Bill Dudney wrote:
> Hi Dain,
> 
> Thanks for the response, my response inline...
> 
> (for anyone getting this twice, sorry I sent to both the incubator list
> and the old codehaus list)
> 
> On Jul 10, 2006, at 10:20 PM, Dain Sundstrom wrote:
> 
>> On Jul 10, 2006, at 8:43 PM, Bill Dudney wrote:
>>
>>>
>>>> The biggest TODO as far as session id would be to decide on what it
>>>> is.  Namely, is it:
>>>>
>>>
>>> I'm still a newbie to the code base so I don't fully understand all
>>> the ramifications of the following choices but here are some of my
>>> thoughts from the session-api/caching impl perspective.
>>>
>>> I have a short write up of the current caching impl that can be found
>>> here;
>>>
>>> http://cwiki.apache.org/GMOxDEV/caching.html
>>>
>>> which drives many of my comments below.
>>>
>>> Basically, the finer grained the session-id the less contention there
>>> would be in the cache.
>>
>> Say what?  Contention is caused when two+ parties attempt to access
>> the same data.  IMO you want to choose the biggest grain size where
>> you will have little or no contention, because small grain size comes
>> at the cost of extra book keeping and locking.  In our case, since the
>> data in the session is for a single client and is naturally
>> partitioned there will never be any contention by definition.
> 
> I am thinking along the lines of two threads trying to read/write to the
> same key at the same time. Perhaps we are thinking about the same thing?

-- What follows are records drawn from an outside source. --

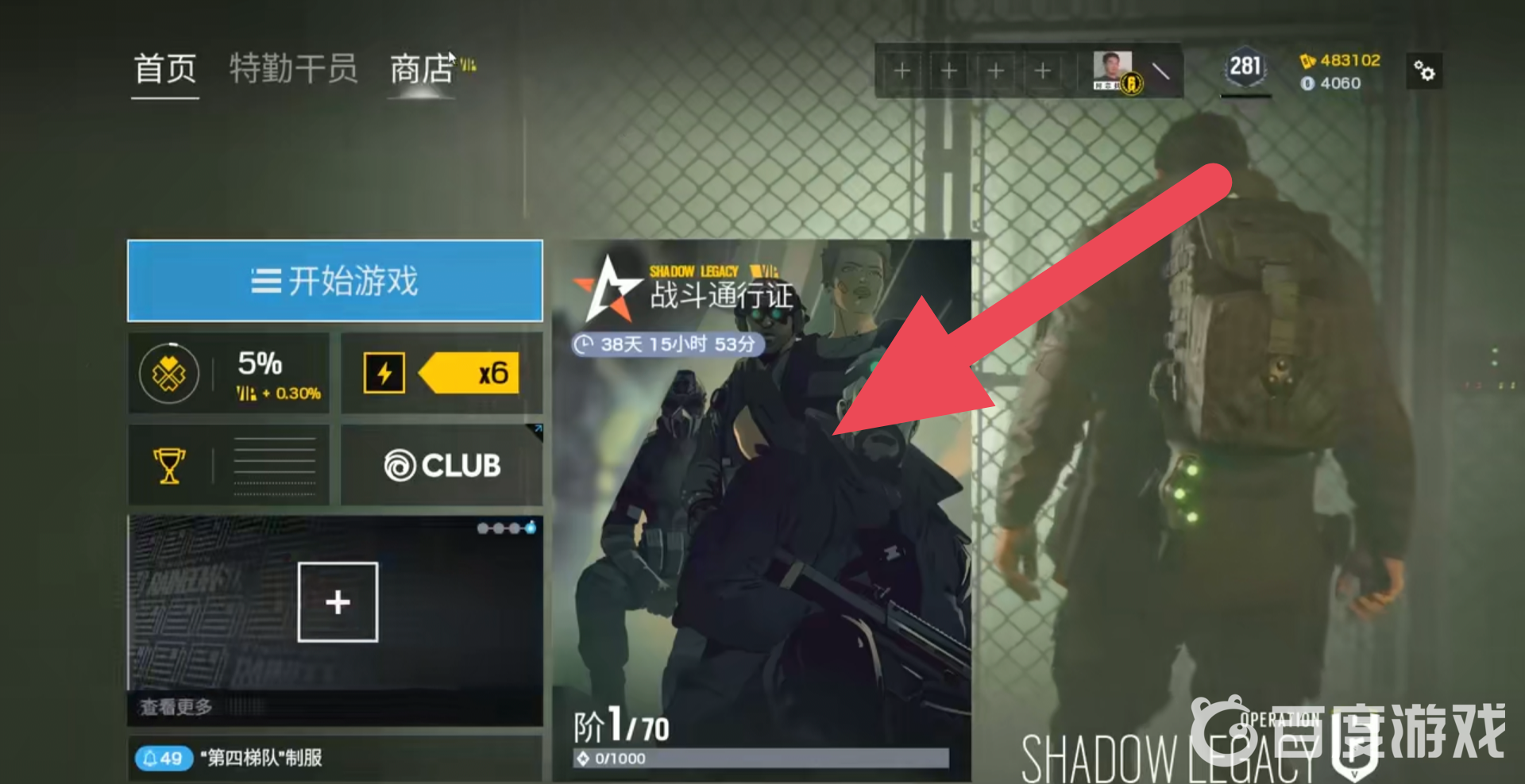 1、進入游戲後在游戲首頁點擊戰斗通行證
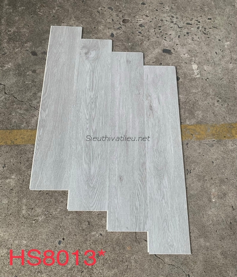 Mã số: HS8013 Độ dày: 4 mm Quy cách tấm Vinyl (Dài x Rộng ): 914 x 153 mm Cách thi công: Hèm khóa như sàn gỗ công nghiệp Đóng gói: 18 Tấm / 2.5 m2 / Hộp Kiểu vân: Vân gỗ màu xám
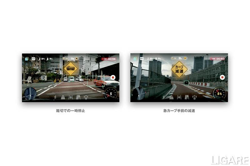 今回ナビタイムジャパンは、ARによる注意喚起に、踏切での一時停止案内と、急カーブ手前での注意喚起を追加する。ARによって踏切や急カーブ地点までの距離を表示し、一時停止やスピードの減速を促す。
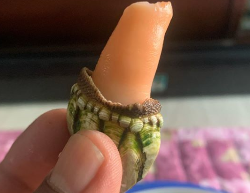 삶은 거북손을 식히고, 먹을 수 있을 정도로 식었다면 검은 부분에 끝 부분을 꺽으면 "툭" 소리와 함께 속살을 꺼내실 수 있어요.
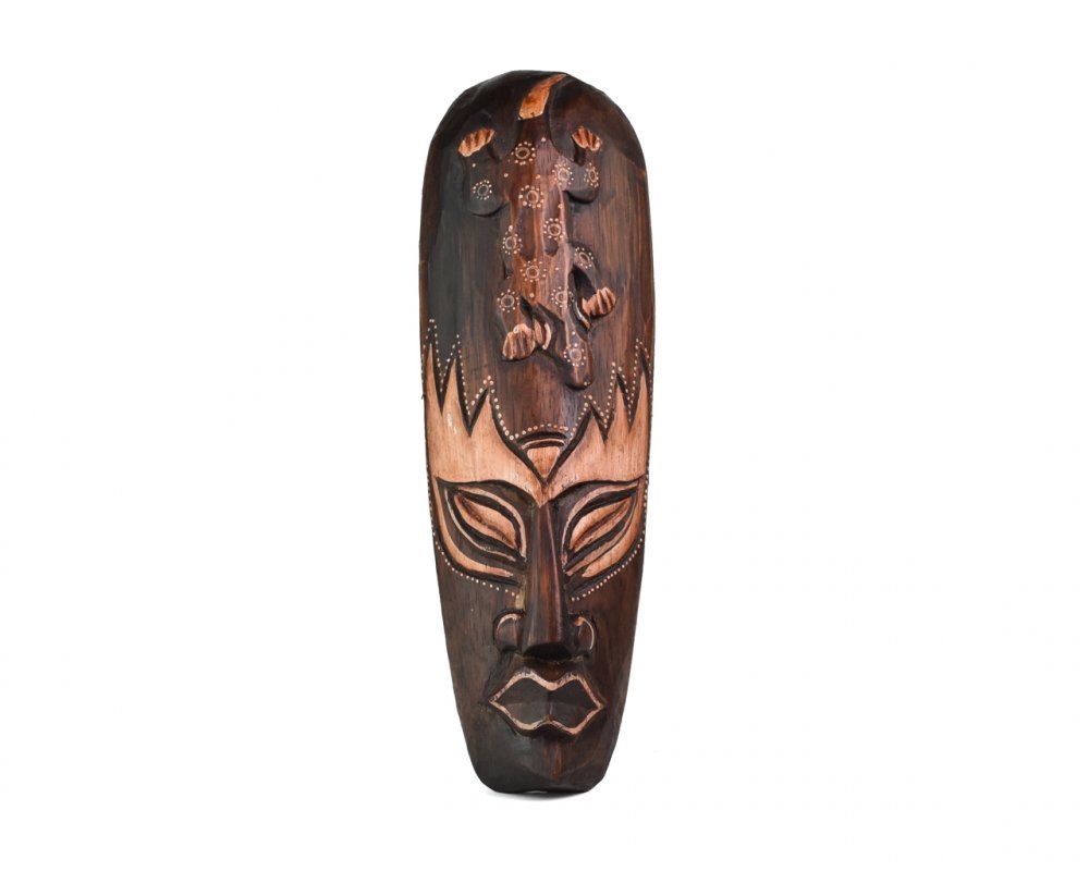 Dekorativní indonéská maska s vyřezaným dekorem ještěrky.Rozměry 30 x 9 cmVáha cca 200 g prečítať celé
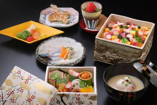 夕刻には、ライトアップされた「花桜テラス」の夕桜の下で、春の旬の食材を味わい尽くす特別夕食を楽しめます。口取りには、筍木の芽和え、雲丹春菜浸し、鯛の子旨煮など、様々な調理法で仕立てた数種類の品を用意します。向付は桜鯛薄造り、椀物は桜海老姫皮真丈、御飯は山菜雛寿司と、目にも鮮やかな総料理長特製の花見膳です。華やかな料理を楽しみながら、宵の空に浮かぶ幻想的な桜に包まれた空間で、ゆったりとした時間を過ごせます。
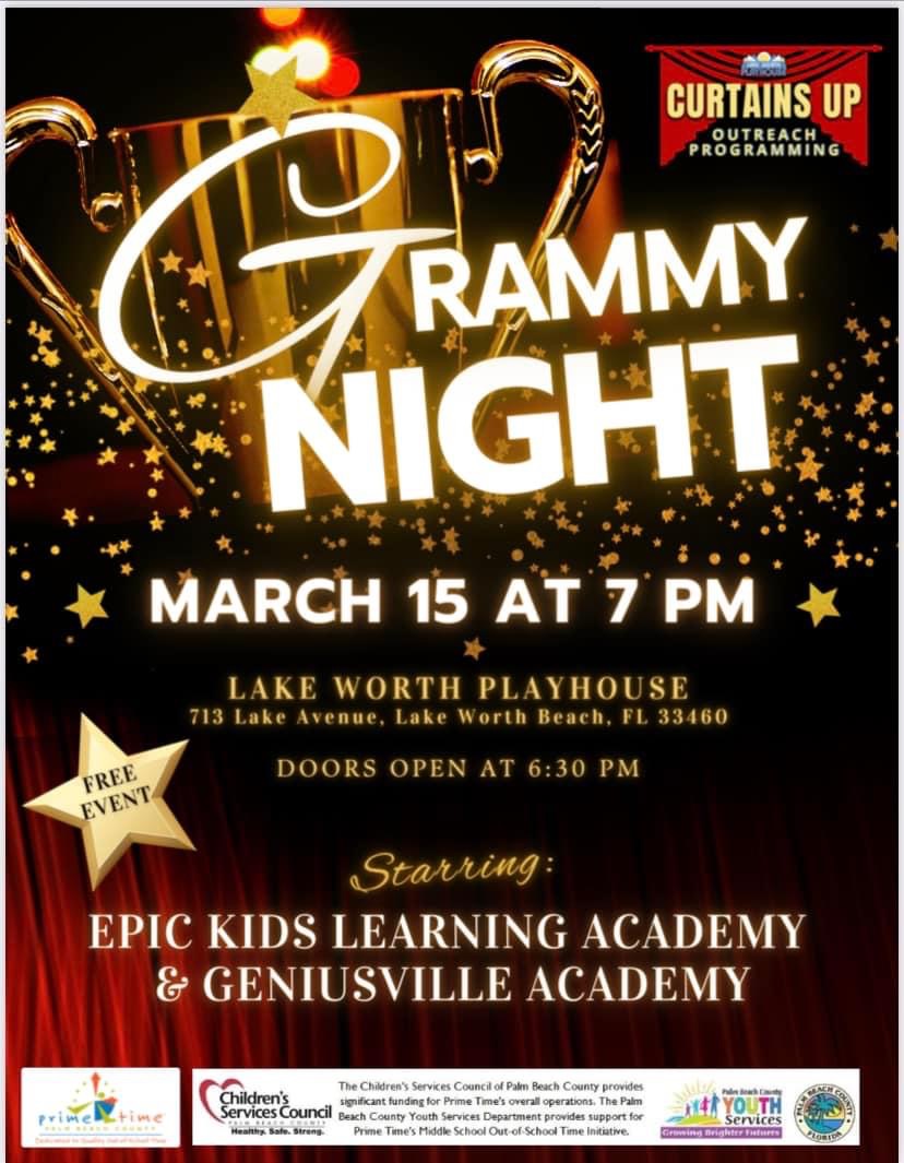 MARCH 15th 7pm ! Students from Epic Kids Learning and Geniusville Academy presenting a GRAMMY NIGHT Production produced by the @lwplayhouse CURTAINS UP OUTREACH PROGRAMMING . Directed and choreographed by myself and @lcgtheatre!
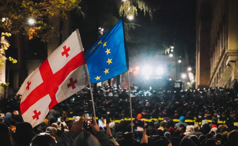 Tbilisidə Gürcüstan parlamentinin binası önündə keçirilən növbəti mitinqdə gərginlik yaşanır.
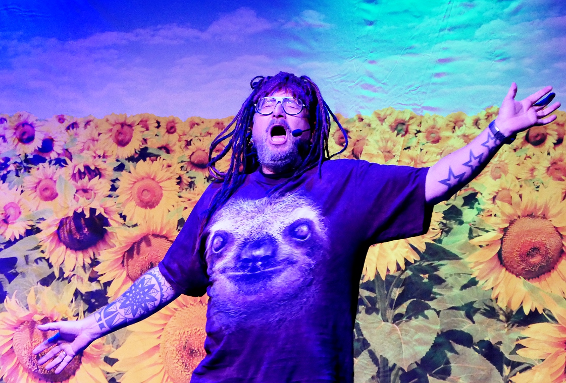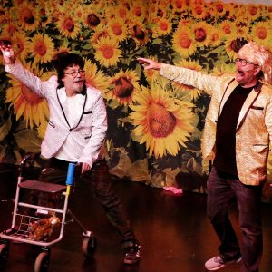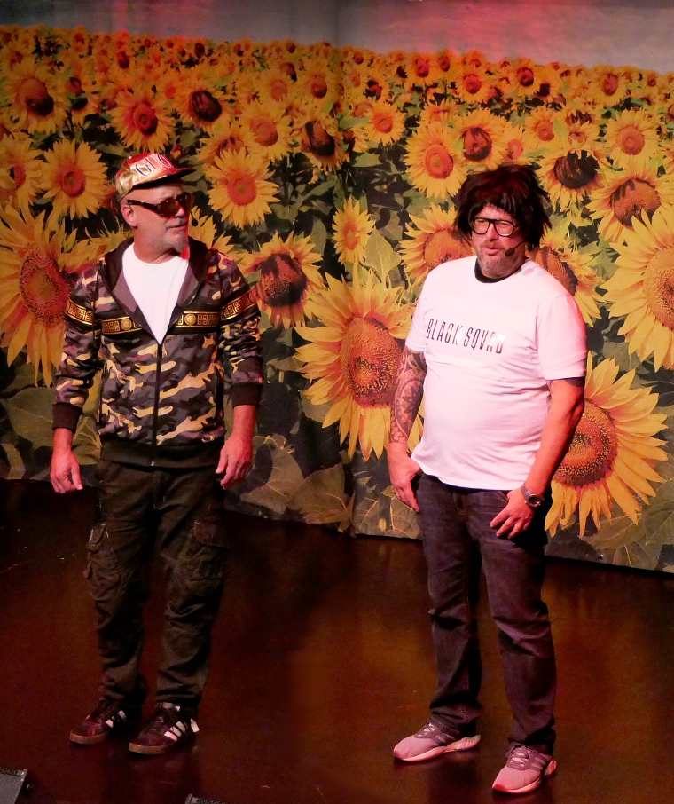 Und auch in diesem Programm sind sie alle wieder dabei: Die Parade der Mundstuhl-Figuren beginnt mit den Ossi-Hartz-IV-Müttern Peggy und Sandy. Lars gibt wie immer den psychopathischen Grillschorsch. Als Friedensaktivisten Malte und Torben erklären sie die Probleme der Welt und auch Dragan und Alder sind immer noch da. Ebenso wie Chefcholeriker Andi und natürlich Sickroy und Fried, die schlechtesten Zauberer der Welt.
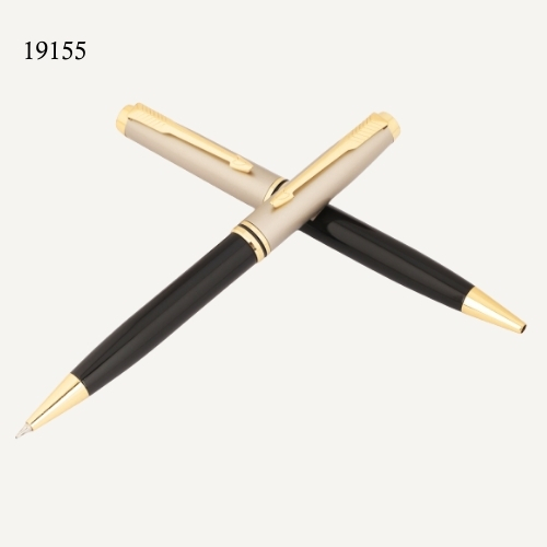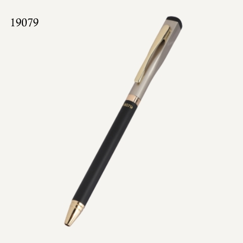 This dual-tone metal pen blends a rich black body with soft gold accents, creating a balanced and elegant professional design. Ideal for business branding and executive use.
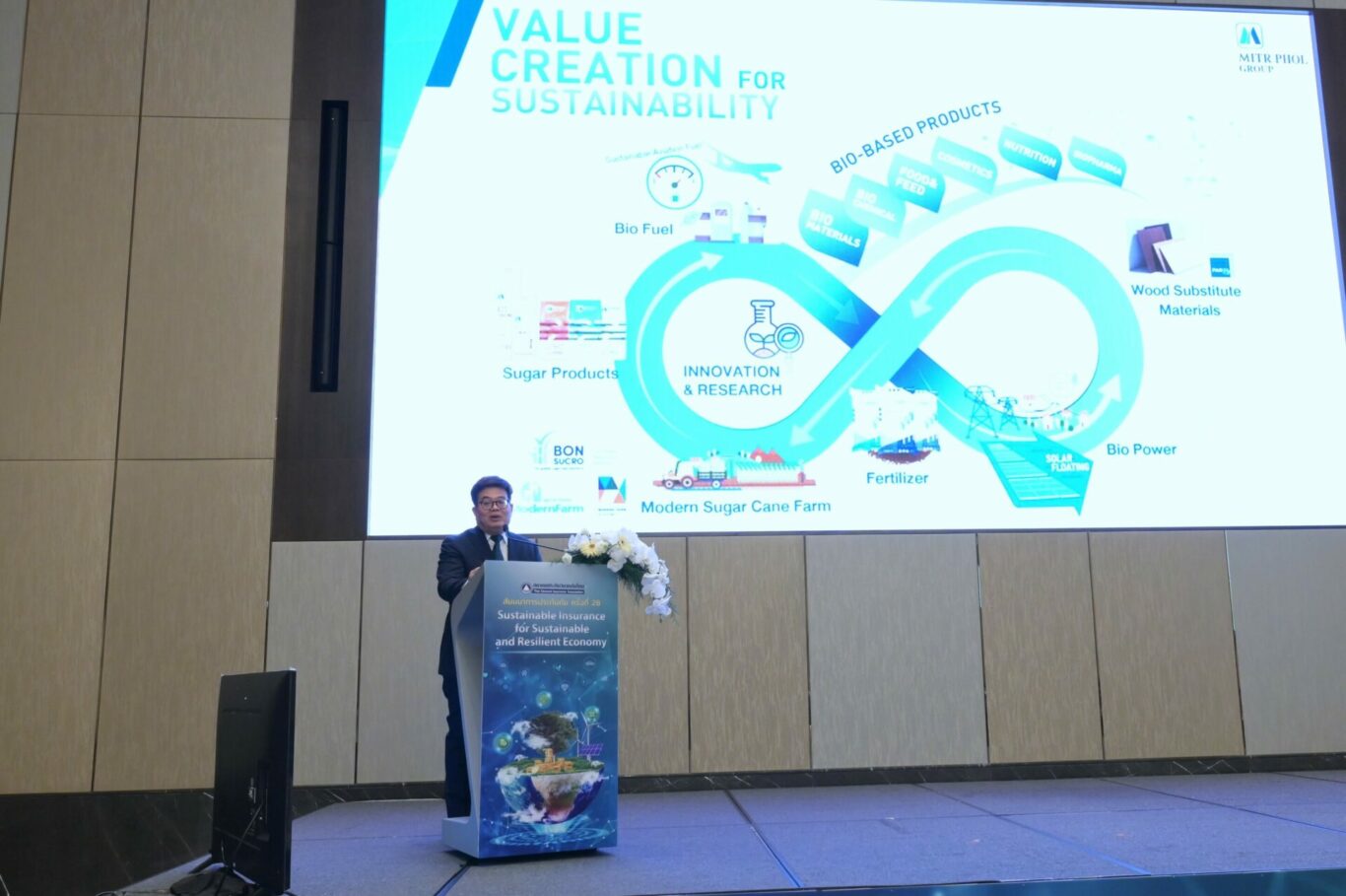 ดร.ศรายุธ แสงจันทร์ กรรมการผู้จัดการกลุ่ม Health Products and Sustainability บริษัท น้ำตาลมิตรผล จำกัด บรรยายพิเศษ หัวข้อ “Lead – Adapt – Change” Sustainability in Action
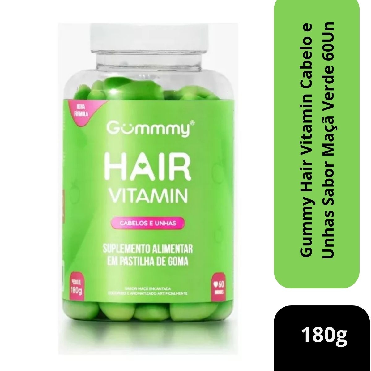 Cada frasco contém 60 unidades de gominhas com 180g, enriquecidas com Biotina, Vitamina A, C, E e Ácido Fólico, promovendo a manutenção da saúde dos fios e das unhas, de maneira saborosa e sem complicação.
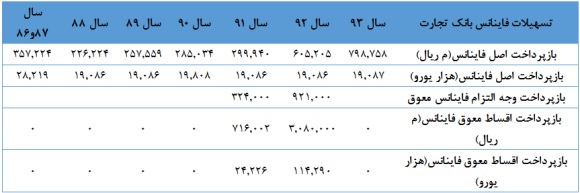 مورد سوم وضعيت بازپرداخت اقساط معوق تسهيلات فاينانس (حدود 138 ميليون يورو) به بانک تجارت است. عليرغم توافقات صورت گرفته در سال 86 که مقرر بوده قسمتي از وجوه ارزي فروش صادراتی زاگرس توسط NPC صرف بازپرداخت اقساط فاينانس بانک تجارت گردد، عدم پرداخت اقساط مربوطه توسط NPC موجب شده که زاگرس علاوه بر پرداخت مانده اصل و فرع تسهیلات، متحمل پرداخت وجه التزام و تفاوت افزایش نرخ تسویه ارز (از نرخ مرجع به ارز منشا داخل) نیز بشود. با وجود اینکه زاگرس تمام بدهی خود به بانک(اصل و فرع و جریمه) را طی سالهای 91 و 92 تسویه نموده است اما هنوز اختلاف میان زاگرس و NPC برای جبران ضرر و زیان حاصل از این مسئله پا برجاست و پیگیریهای زاگرس برای وصول مطالبات از NPC تاکنون بی نتیجه بوده است. با انجام محاسبات پیچیده میتوان دریافت که مبلغ زیان ناشی از تسعیر ارز حدود 642 میلیارد ريال بوده است. ضمنا وجه التزام اقساط مذکور 1.245 میلیارد ريال بوده است. زاگرس این مبالغ را بدلیل عدم انجام تعهدات NPC متحمل شده است. در پیوست 1، تسهیلات فاینانس بانک تجارت به مبلغ 142.736 هزار یورو و بازپرداخت آن به تشریح آمده است.
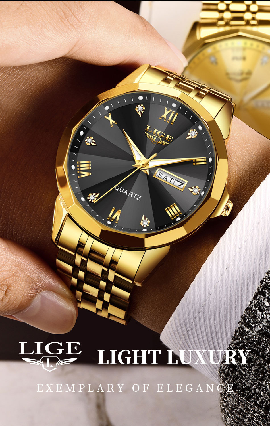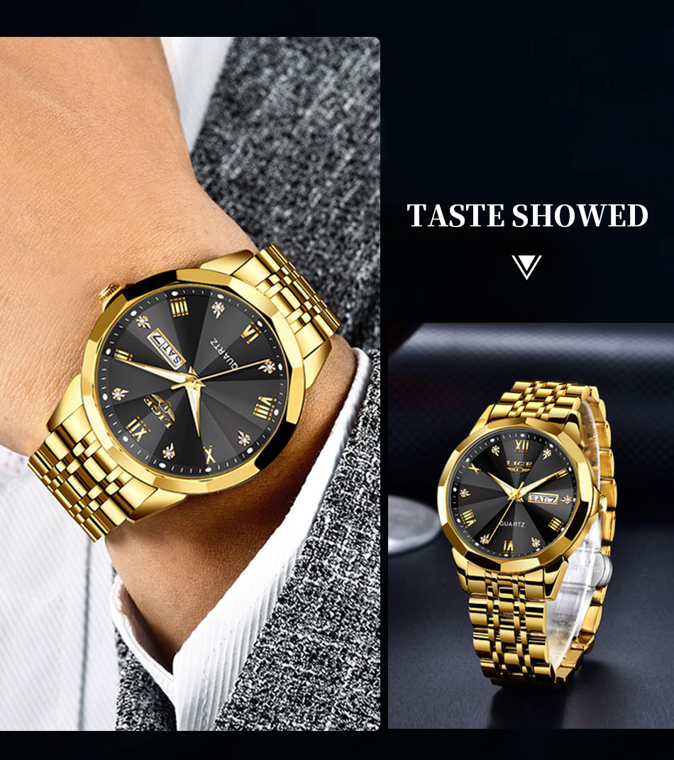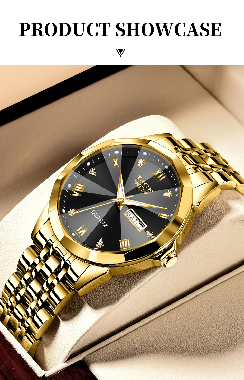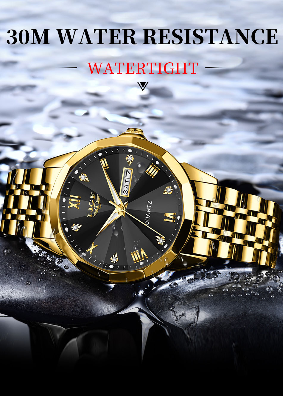Colors: Silver-black steel band, alternating gold-silver-blue steel band, silver-blue steel band, alternating gold-silver-white steel band, silver-white steel band, all-gold steel band, gold-black steel band
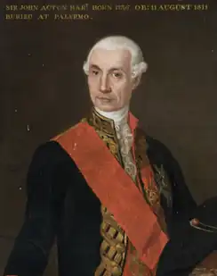 Acton llevó a cabo una serie de reformas del aparato militar del reino que, sin embargo, en el momento de la invasión napoleónica del Reino, aún no se habían terminado por completo. En cuanto al ejército, el almirante trató de mejorar la preparación de los agentes con la fundación de la Academia Militar de Nunziatella y aumentar los intercambios educativos con los países extranjeros especialmente con Prusia y Francia. Acton introdujo algunas innovaciones útiles —(favoreció el conocimiento topográfico financiando a Rizzi Zannoni, entre otras cosas,[9] construyó nuevas carreteras, etc.—; las fuerzas armadas, tan renovadas, más que dignamente realizó su prueba de fuego en el sitio de Tolón, en el marco de la primera Coalición con Inglaterra contra la Francia revolucionaria. Seis mil soldados napolitanos participaron en la defensa de la ciudad y fueron los últimos en volver a embarcarse. La expedición regresó a su patria el 2 de febrero de 1794, habiendo tenido alrededor de 200 caídos y 400 heridos. En el período 1796-1798 se recuerda en particular el excelente rendimiento dada por la división de caballería napolitana, formada por los regimientos King, Queen, Prince y Napoli, en las operaciones de la campaña italiana contra los franceses. Los caballeros napolitanos, comandados por el brigadier Ruitz, recibieron elogios tanto de los aliados austriacos como de los enemigos franceses —incluido el propio Napoleón Bonaparte—.[6]
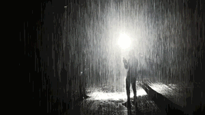 “雨屋”只是一个如仓库一般大的小黑屋,神奇之处是这里正在下雨。一处强光从远处袭来,让整个场景犹如电影般地魔幻。

> The reason smaller is better in the current impl is that the locking
> happens on a per key basis. So if the sessionid were on a per client VM
> (lets say web app vm for example) level each 'user' or 'client' in the
> client vm would be locking the whole session from other 'users' within
> that VM while the session is being updated.
> 
> With a smaller scope of the session id (i.e. one session id per remote
> ejb proxy for example) there would be less chance of two clients trying
> to read/write from the same locked resource.
> 
> What don't I get?

I am agreeing with Dain here...how would there even be a possibility of
2 parties hitting the same key...how would you have 2 threads trying ot
read/write to the same key at the same time?  How can you have more than
1 user per session?

> 
>>
>>>> - one session id per client vm
>>>
>>> With the current caching impl outlined above this solution would
>>> cause lots of contention. Each write would cause the whole client-vm
>>> part of the cache to be locked (i.e. the lock is on the key).
>>
>> Assuming that a client vm has more than one user.  In general, this is
>> a good strategy for J2ee app clients but a poor choice for multi user
>> vms (web apps).
>>
>>>> - one session id per client connection
>>>> - one session id per login (security scoped)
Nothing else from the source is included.